Systems and methods for document analysis include identifying candidates in a corpus matching a requested expression. String kernel features are extracted for each candidate. Each candidate is classified according to the string kernel features using a machine learning model. A report is generated that identifies instances of the requested expression in the corpus that match a requested class.

Description

    RELATED APPLICATION INFORMATION
  • This application claims priority to U.S. Patent Application No. 62/324,513 filed on Apr. 19, 2016, incorporated herein by reference in its entirety.
  • BACKGROUND Technical Field
  • The present invention relates to natural language processing and, more particularly, to the extraction and categorization of information in patient medical histories.
  • Description of the Related Art
  • Electronic medical records are becoming a standard in maintaining healthcare information. There is a great deal of information in such records that can potentially help medical scientists, doctors, and patients to improve the quality of care. However, going through large volumes of electronic medical records and finding the information of interest can be an enormous undertaking.

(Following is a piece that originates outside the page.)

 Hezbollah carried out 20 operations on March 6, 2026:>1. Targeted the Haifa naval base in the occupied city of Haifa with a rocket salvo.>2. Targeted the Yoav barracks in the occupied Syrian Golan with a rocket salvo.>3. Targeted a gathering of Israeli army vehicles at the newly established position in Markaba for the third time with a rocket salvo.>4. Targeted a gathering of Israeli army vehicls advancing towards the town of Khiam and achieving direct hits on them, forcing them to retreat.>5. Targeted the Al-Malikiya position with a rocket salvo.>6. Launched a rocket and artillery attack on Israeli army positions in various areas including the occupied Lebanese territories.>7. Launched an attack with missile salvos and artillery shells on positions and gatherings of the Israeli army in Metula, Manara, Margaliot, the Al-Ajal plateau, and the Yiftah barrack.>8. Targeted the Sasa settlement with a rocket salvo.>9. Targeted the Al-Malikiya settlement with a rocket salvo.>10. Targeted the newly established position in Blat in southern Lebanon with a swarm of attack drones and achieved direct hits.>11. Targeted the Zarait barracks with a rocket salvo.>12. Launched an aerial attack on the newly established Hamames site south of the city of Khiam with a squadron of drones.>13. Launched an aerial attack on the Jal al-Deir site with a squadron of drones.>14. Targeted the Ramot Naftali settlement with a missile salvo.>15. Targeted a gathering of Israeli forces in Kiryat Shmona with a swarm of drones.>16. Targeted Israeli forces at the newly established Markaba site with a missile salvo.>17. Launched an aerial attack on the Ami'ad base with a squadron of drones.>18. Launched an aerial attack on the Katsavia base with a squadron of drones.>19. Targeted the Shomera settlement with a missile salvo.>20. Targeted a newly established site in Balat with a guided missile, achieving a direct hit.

  • One challenge in mining medical records is that a significant amount of data is stored as unstructured natural language text, which depends on the unsolved problem of natural language understanding. Furthermore, the information may be recorded in a relatively informal way, using incomplete sentences, jargon, and unmarked data, making it difficult to use general purpose natural language processing solutions.
  • SUMMARY
  • A method for document analysis includes identifying candidates in a corpus matching a requested expression. String kernel features are extracted for each candidate. Each candidate is classified according to the string kernel features using a machine learning model. A report is generated that identifies instances of the requested expression in the corpus that match a requested class.
  • A system for document analysis includes a feature extraction module configured to identify candidates in a corpus matching a requested expression and to extract string kernel features for each candidate. A classifying module has a processor configured to classify each candidate according to the string kernel features using a machine learning model. A report module is configured to generate a report that identifies instances of the requested expression in the corpus that match a requested class.

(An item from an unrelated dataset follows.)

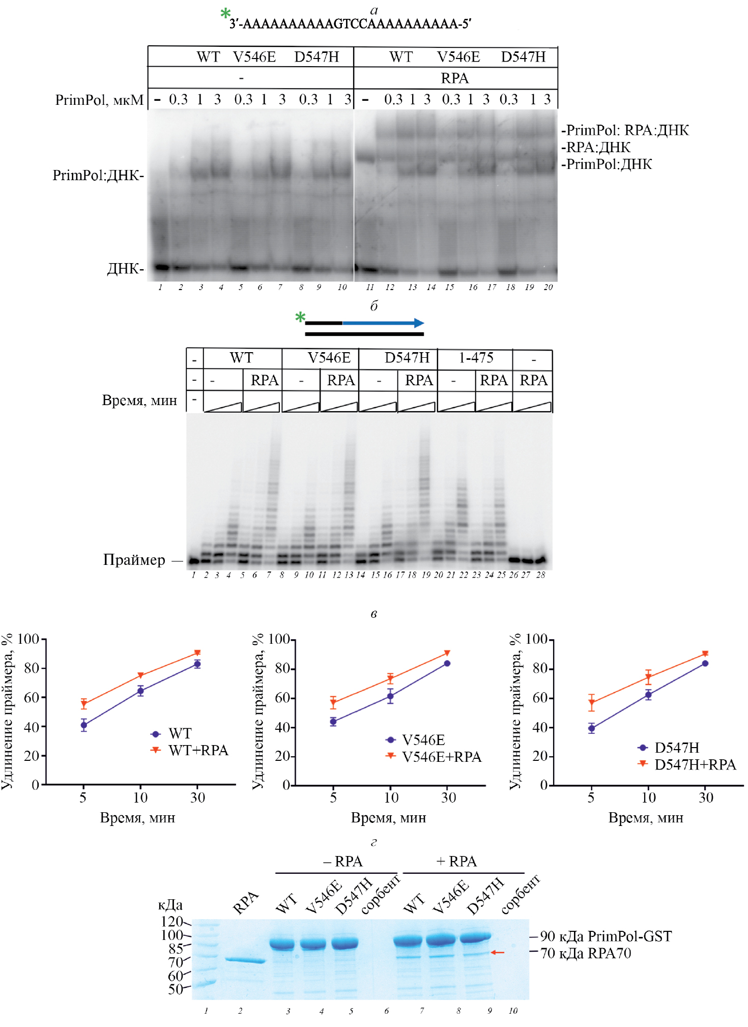 Рис. 3. Анализ влияния замен V546E и D547H на взаимодействие PrimPol с репликативным белком RPA. а – Образование тройного комплекса RPA:ДНК:PrimPol в 5%-ном нативном геле. б –Электрофореграмма реакций удлинения праймера. ДНК-полимеразные реакции проводили в присутствии 100 нМ PrimPol или ее вариантов в течение 5/10/30 мин. в – Графики, отражающие эффективность удлинения праймера в зависимости от времени реакции. Представлены средние значения и стандартные ошибки. г – Соосаждение PrimPol дикого типа и вариантов V546E и D547H с белком RPA. Красной стрелкой обозначено положение полосы субъединицы RPA70, образовавшей комплекс с GST-PrimPol.

  • These and other features and advantages will become apparent from the following detailed description of illustrative embodiments thereof, which is to be read in connection with the accompanying drawings.
  • BRIEF DESCRIPTION OF DRAWINGS
  • The disclosure will provide details in the following description of preferred embodiments with reference to the following figures wherein:
  • FIG. 1 is a block/flow diagram of a method for analyzing text documents in accordance with one embodiment of the present invention;
  • FIG. 2 is a block/flow diagram of a method for training a machine learning model for analyzing text documents in accordance with one embodiment of the present invention;
  • FIG. 3 is a block diagram of a medical record analysis system in accordance with one embodiment of the present invention; and
  • FIG. 4 is a processing system in accordance with one embodiment of the present invention.
  • DETAILED DESCRIPTION OF PREFERRED EMBODIMENTS
  • Embodiments of the present invention perform natural language processing of documents such as electronic medical records, classifying particular features according to one or more categories. To accomplish this, the present embodiments use processes described herein, including string kernels and skip-grams. In particular embodiments, electronic medical records are used to extract a patient's medical history, differentiating such information from other types of information.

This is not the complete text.